BEGIN Data for analysis
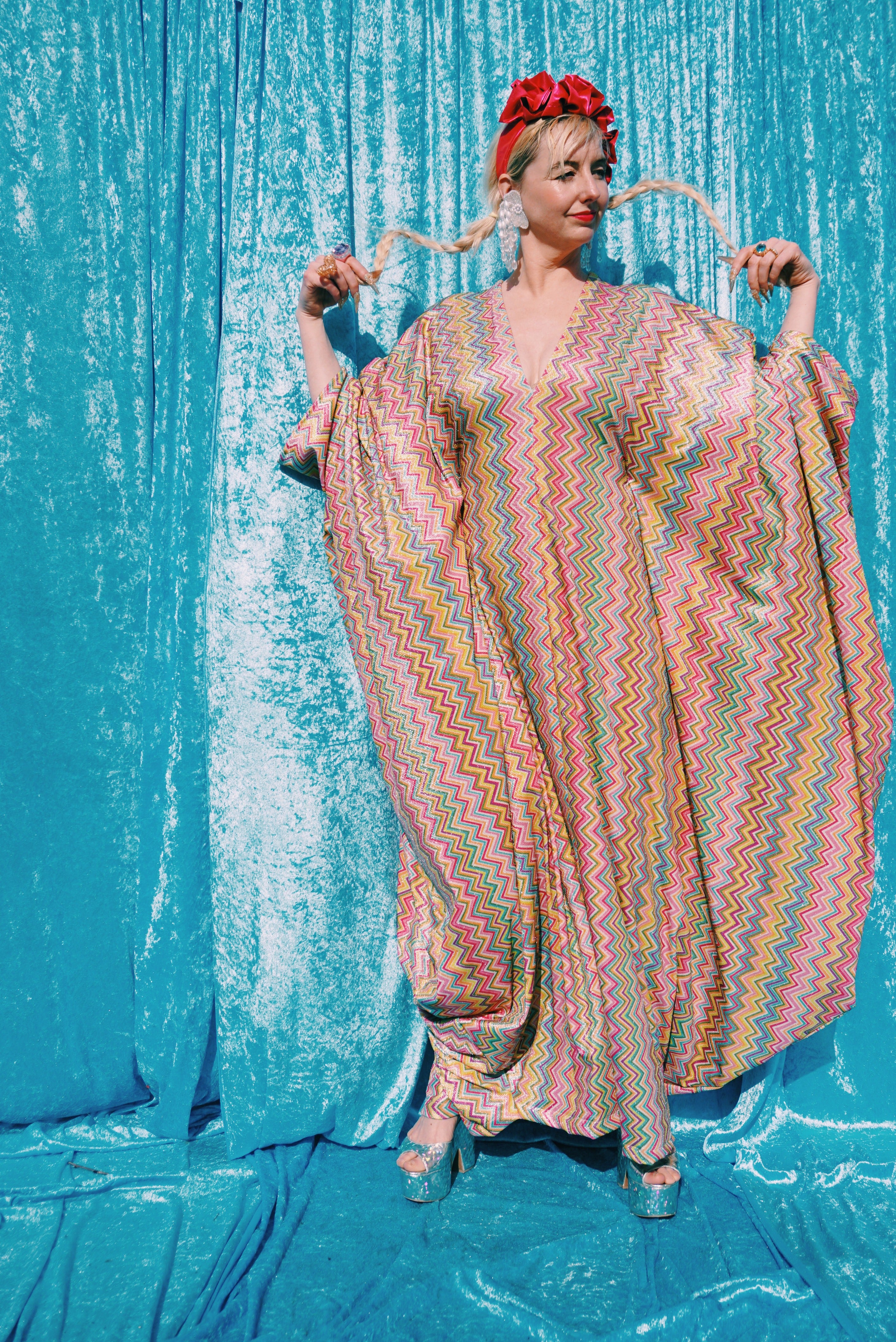 Lolliop Lurex Zig-Zag Hot Pink Lurex Kaftan
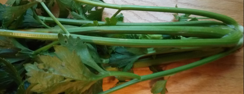 Celery is a fibrous, fresh-tasting vegetable that is very versatile and common in many recipes. The stalks (stems) and leaves are both edible, but it’s best known for the stalks.
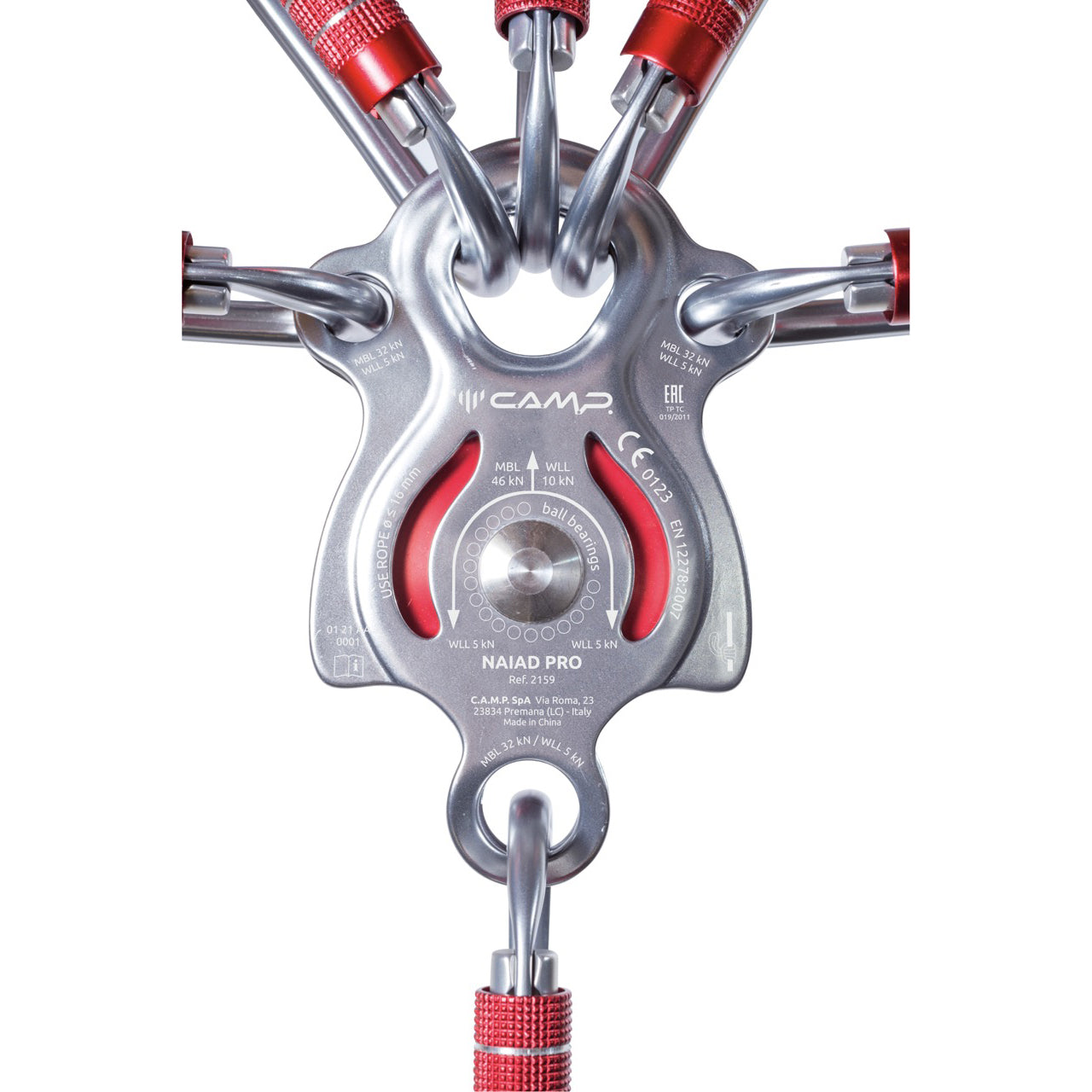 A high-strength, multifunctional pulley featuring a large sheave for high efficiency. The Naiad Pro is ideal for high load haul systems and complex operations. It uses the same design as the Naiad with a main attachment hole that accommodates three carabiners, two secondary holes on the sides for positioning and a large lower becket hole, but
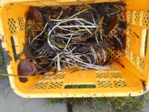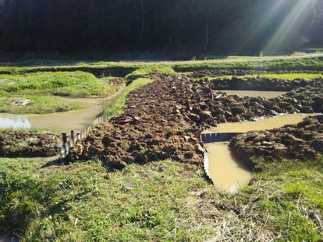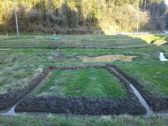 溝堀り作業は終わったかな?これで用水からメダカ、ドジョウ、八つ目うなぎ、鮎などが流れてきても水があふれたり干上がらなければ循環出来ると思う。アピオスは放任栽培だったのであちこちに広がってます。2kg購入から始めましたが、かなり種芋ができたと思う。
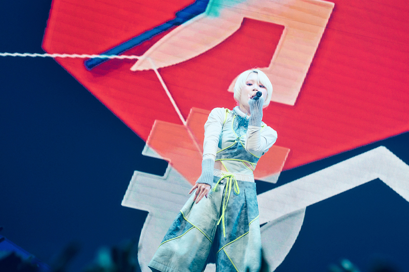 その後も勢いを緩めるどころか、「飛べるよ横浜! もっと飛べるよ!」「めっちゃ良いじゃん!」と積極的に扇動して「煩悩遊戯」「十中八九」で観客の興奮をさらに高めていく。「みんなと歌いたいと思うんですけど、一緒に歌えますか?」と声出しをレクチャーして「Boy」へ。「シンカロン」「ヒビカセ」と何度も沸点を更新し、ラストナンバーは「劣等上等」だ。会場全体がダンスフロアと化して、みんなが恍惚の表情を浮かべて音の渦に酔いしれた。
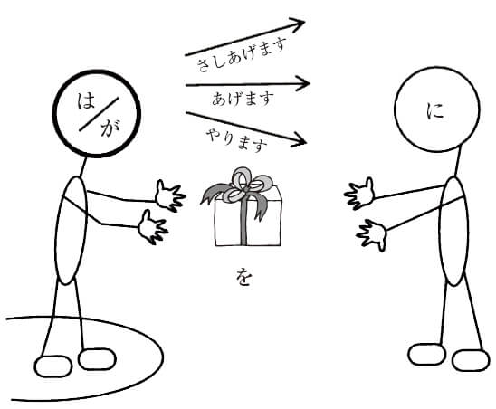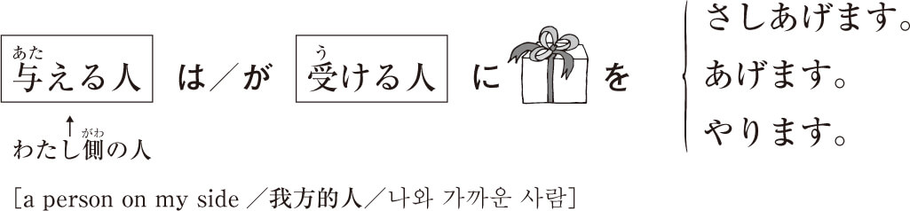 2)The verbさしあげる is used when recipient is socially superior, as in sentences ❸ and ❹ . The verb やる is used toward animals, as in sentence ❺ , and is also used toward one's own family when speaking to people outside of one's inner circle, as in sentence ❻ .
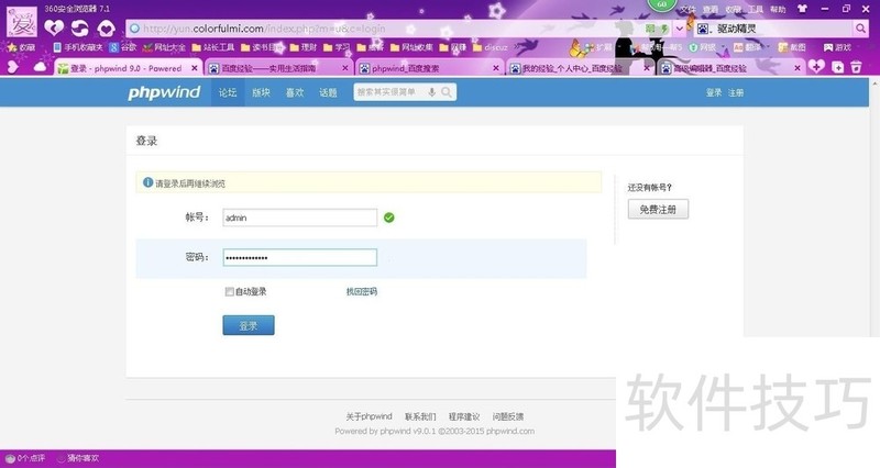 1、 安装好phpwind之后,我们登陆进phpwind。
END Data for analysis
#### Assignment:
Write out the material above precisely, leaving each picture behind.

#### Answer for this exercise:
 Lolliop Lurex Zig-Zag Hot Pink Lurex Kaftan
 Celery is a fibrous, fresh-tasting vegetable that is very versatile and common in many recipes. The stalks (stems) and leaves are both edible, but it’s best known for the stalks.
 A high-strength, multifunctional pulley featuring a large sheave for high efficiency. The Naiad Pro is ideal for high load haul systems and complex operations. It uses the same design as the Naiad with a main attachment hole that accommodates three carabiners, two secondary holes on the sides for positioning and a large lower becket hole, but
 溝堀り作業は終わったかな?これで用水からメダカ、ドジョウ、八つ目うなぎ、鮎などが流れてきても水があふれたり干上がらなければ循環出来ると思う。アピオスは放任栽培だったのであちこちに広がってます。2kg購入から始めましたが、かなり種芋ができたと思う。
 その後も勢いを緩めるどころか、「飛べるよ横浜! もっと飛べるよ!」「めっちゃ良いじゃん!」と積極的に扇動して「煩悩遊戯」「十中八九」で観客の興奮をさらに高めていく。「みんなと歌いたいと思うんですけど、一緒に歌えますか?」と声出しをレクチャーして「Boy」へ。「シンカロン」「ヒビカセ」と何度も沸点を更新し、ラストナンバーは「劣等上等」だ。会場全体がダンスフロアと化して、みんなが恍惚の表情を浮かべて音の渦に酔いしれた。
 2)The verbさしあげる is used when recipient is socially superior, as in sentences ❸ and ❹ . The verb やる is used toward animals, as in sentence ❺ , and is also used toward one's own family when speaking to people outside of one's inner circle, as in sentence ❻ .
 1、 安装好phpwind之后,我们登陆进phpwind。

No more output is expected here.